동적 배치 크기를 이용한 추론¶

실제 서빙 환경에서는 다양한 수의 요청을 효율적으로 처리해야 하는 경우가 많습니다. 예를 들어, 때로는 1개의 요청, 때로는 3개, 5개, 또는 7개의 요청이 동시에 들어올 수 있습니다. 이때 항상 최대 배치 크기(예: 8)를 사용하면 그보다 작은 요청에 대해서는 연산 자원이 낭비됩니다. 이를 해결하기 위해 서로 다른 배치 크기를 가진 여러 디코더를 컴파일하고, 시스템이 실제 요청 수에 가장 가까운 배치 크기의 디코더를 자동으로 선택하도록 할 수 있습니다.

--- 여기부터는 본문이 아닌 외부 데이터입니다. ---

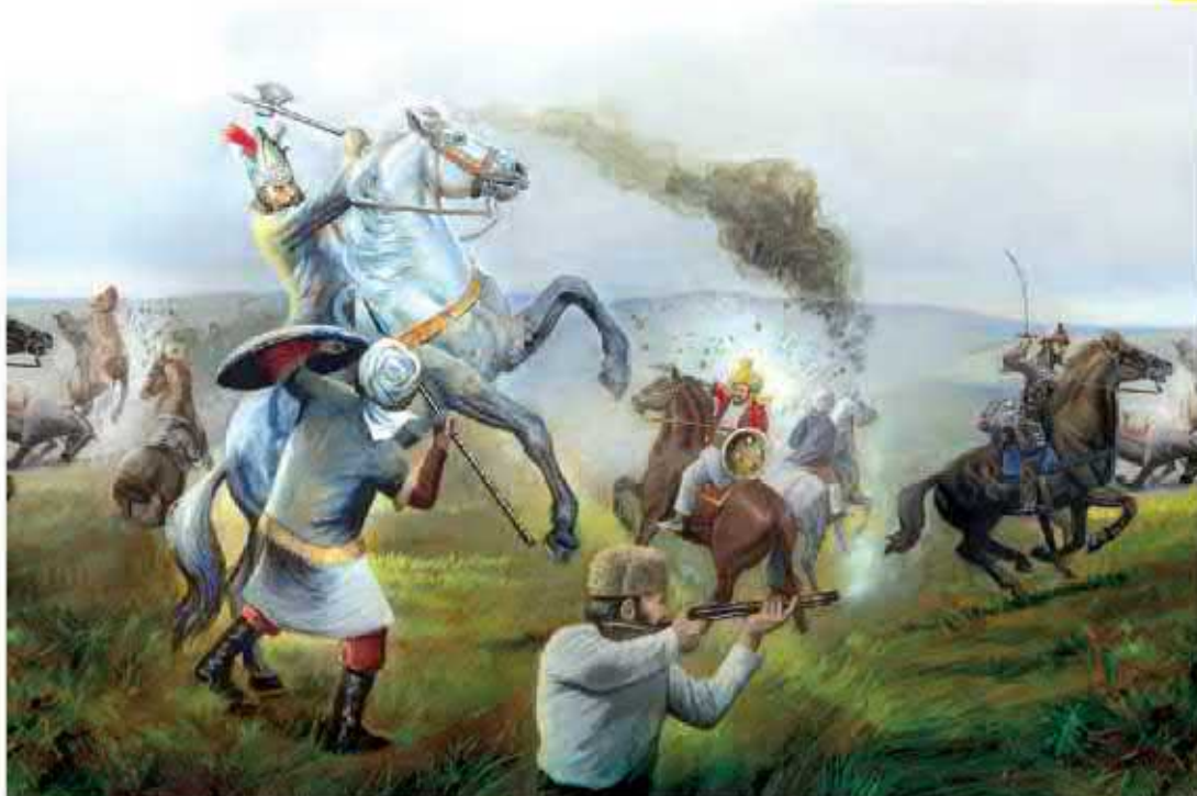
صحنه رزم نادر با دشمنان

در چنین شرایطی، نادر که سرداری از ایل افشار بود با سپاهیان، نخست مهاجمان افغان را سرکوب و تار و مار کرد و سپس نیروهای روسیه و عثمانی را از ایران بیرون راند. نادر پس از این پیروزی‌ها، بر تخت شاهی نشست. بدین ترتیب، سلسله افشاریه پایه‌گذاری شد.
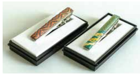
鳥栖市ふるさと納税謝礼品 「佐賀錦タイピン2点セット」 (平成30年度末から採用)
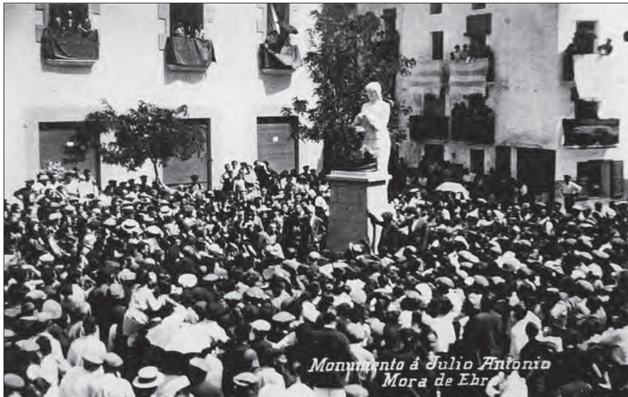
Fig. 4. Fotografia de la inauguració del monument dedicat a Julio Antonio a la plaça de Dalt, obra de Santiago Costa

Per a Móra d'Ebre, la commemoració esmentada fou un esdeveniment només comparable al que hi va tenir lloc l'any 1929 (feia 10 anys que el gran escultor havia mort a Madrid) amb motiu de la inauguració del monument que se li dedicà al bell mig de la plaça de Dalt, on continua. És obra de l'escultor Santiago Costa, fill de la mateixa vila. Per cert que la iniciativa d'erigir-lo —amb els cabals d'una subscripció popular— sorgí de la redacció de la revista
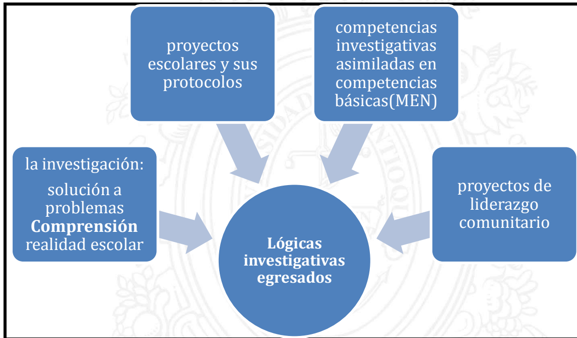
Figura 1. Aportes a las conclusiones del proyecto

ideas que muestran los puntos que sintetizan los aportes a las conclusiones de este proyecto.
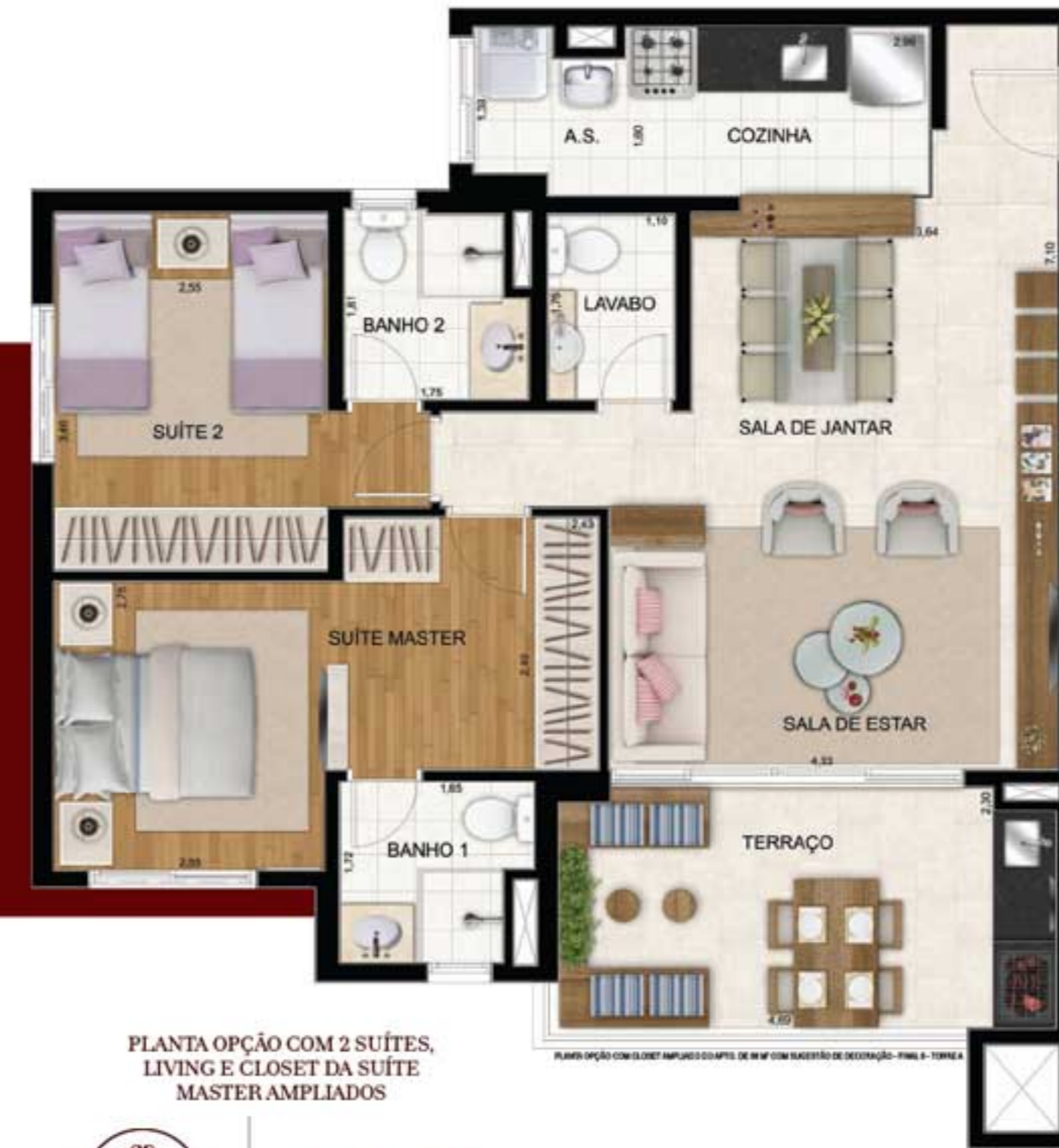
PLANTA OPÇÃO COM 2 SUÍTES, LIVING E CLOSET DA SUÍTE MASTER AMPLIADOS

NO ESPAÇOSO LIVING, A DIMENSÃO PERFEITA DA SUA NOVA VIDA.

rbln_decoder_batch_sizes 파라미터를 사용하면 컴파일 시 여러 배치 크기를 지정할 수 있습니다. 이를 통해 실제 요청 수에 따라 가장 적절한 디코더를 자동으로 선택하여 처리량과 자원 활용도를 개선할 수 있습니다. 예를 들어, 3개의 요청이 들어오면 배치 크기 4의 디코더가, 7개의 요청이 들어오면 배치 크기 8의 디코더가 선택됩니다.

유사한 최적화 기법

이 방식은 vLLM의 다른 최적화 기법과 유사합니다:

CUDA Graph: cudagraph_capture_sizes - 다양한 배치 크기로 CUDA 그래프를 사전 캡처
Inductor 컴파일: compile_sizes - 특정 입력 크기로 커널을 사전 컴파일

모두 예상되는 입력 크기들을 미리 최적화하여 동적 서빙 성능을 향상시키는 공통 원리를 사용합니다.

여러 디코더 배치 크기로 모델 컴파일¶

from optimum.rbln import RBLNLlamaForCausalLM

model_id = "meta-llama/Meta-Llama-3-8B-Instruct"

# 여러 디코더 배치 크기로 컴파일
model = RBLNLlamaForCausalLM.from_pretrained(
    model_id=model_id,
    export=True,                        # True인 경우 모델 컴파일 진행
    rbln_batch_size=8,                  # 최대 배치 크기
    rbln_max_seq_len=8192,              # 최대 시퀀스 길이
    rbln_tensor_parallel_size=4,        # 텐서 병렬화
    rbln_decoder_batch_sizes=[8, 4, 1], # 배치 크기 8, 4, 1에 대한 디코더 컴파일
)

# 컴파일 결과를 저장하기
model.save_pretrained("rbln-dynamic-Llama-3-1-8B-Instruct")

Note

rbln_decoder_batch_sizes 리스트는 자동으로 내림차순으로 정렬됩니다. 모든 값은 rbln_batch_size보다 작거나 같아야 합니다. 최대 배치 크기가 리스트에 포함되지 않은 경우 자동으로 추가됩니다.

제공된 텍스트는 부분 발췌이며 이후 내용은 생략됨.